RECORDED DATA section start

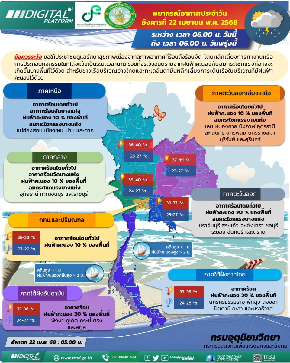 ลักษณะอากาศทั่วไป พยากรณ์อากาศ 24 ชั่วโมงข้างหน้า ประเทศไทยมีอากาศร้อนโดยทั่วไป และมีอากาศร้อนจัดบางพื้นที่ในภาคเหนือและภาคกลาง โดยมีฝนฟ้าคะนองกับมีลมกระโชกแรงบางแห่ง ขอให้ประชาชนในบริเวณดังกล่าวดูแลรักษาสุขภาพเนื่องจากสภาพอากาศที่ร้อนถึงร้อนจัด โดยหลีกเลี่ยงการทำงานหรือการประกอบกิจกรรมในที่โล่งแจ้งเป็นระยะเวลานาน รวมทั้งระวังอันตรายจากฝนฟ้าคะนองกับลมกระโชกแรงที่อาจจะเกิดขึ้นบางพื้นที่ไว้ด้วย ทั้งนี้เนื่องจากความกดอากาศต่ำเนื่องจากความร้อนปกคลุมประเทศไทยตอนบน ในขณะที่มีลมใต้และลมตะวันตกเฉียงใต้พัดปกคลุมในบริเวณดังกล่าว
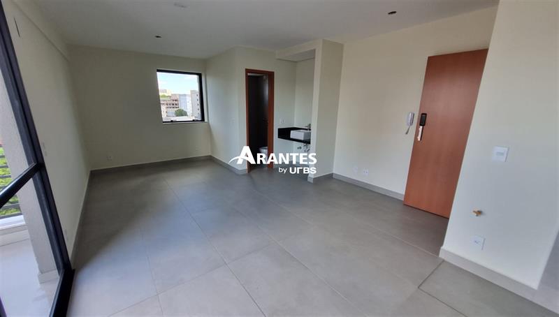 Com 33,25m² de área privativa, este studio oferece um quarto, sala integrada à cozinha e sacada, ideal para quem busca um espaço prático
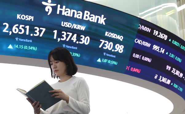 28일 서울 중구 하나은행 딜링룸 현황판에 코스피·코스닥 지수 등이 표시돼 있다. ⓒ연합뉴스
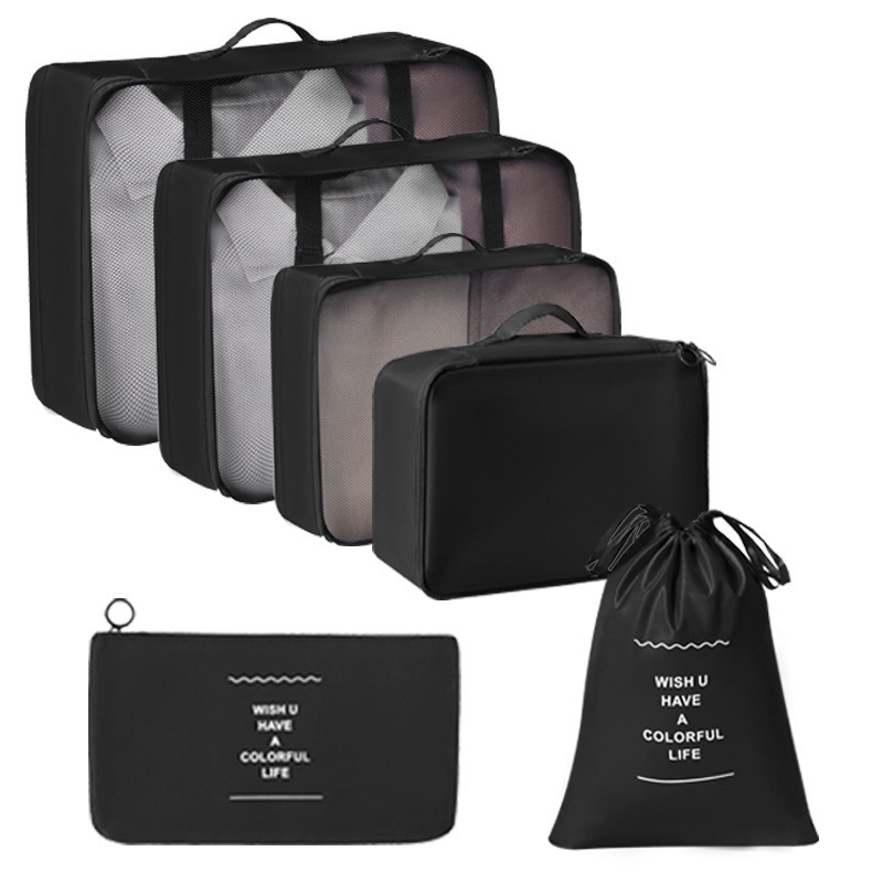 black travel buggy bag eight-piece set [double drawstring bag]]

RECORDED DATA section end

-- EXERCISE OBJECTIVE --
Apart from the images, please copy every line of the data exactly as written.

-- SOLUTION --
 ลักษณะอากาศทั่วไป พยากรณ์อากาศ 24 ชั่วโมงข้างหน้า ประเทศไทยมีอากาศร้อนโดยทั่วไป และมีอากาศร้อนจัดบางพื้นที่ในภาคเหนือและภาคกลาง โดยมีฝนฟ้าคะนองกับมีลมกระโชกแรงบางแห่ง ขอให้ประชาชนในบริเวณดังกล่าวดูแลรักษาสุขภาพเนื่องจากสภาพอากาศที่ร้อนถึงร้อนจัด โดยหลีกเลี่ยงการทำงานหรือการประกอบกิจกรรมในที่โล่งแจ้งเป็นระยะเวลานาน รวมทั้งระวังอันตรายจากฝนฟ้าคะนองกับลมกระโชกแรงที่อาจจะเกิดขึ้นบางพื้นที่ไว้ด้วย ทั้งนี้เนื่องจากความกดอากาศต่ำเนื่องจากความร้อนปกคลุมประเทศไทยตอนบน ในขณะที่มีลมใต้และลมตะวันตกเฉียงใต้พัดปกคลุมในบริเวณดังกล่าว
 Com 33,25m² de área privativa, este studio oferece um quarto, sala integrada à cozinha e sacada, ideal para quem busca um espaço prático
 28일 서울 중구 하나은행 딜링룸 현황판에 코스피·코스닥 지수 등이 표시돼 있다. ⓒ연합뉴스
 black travel buggy bag eight-piece set [double drawstring bag]]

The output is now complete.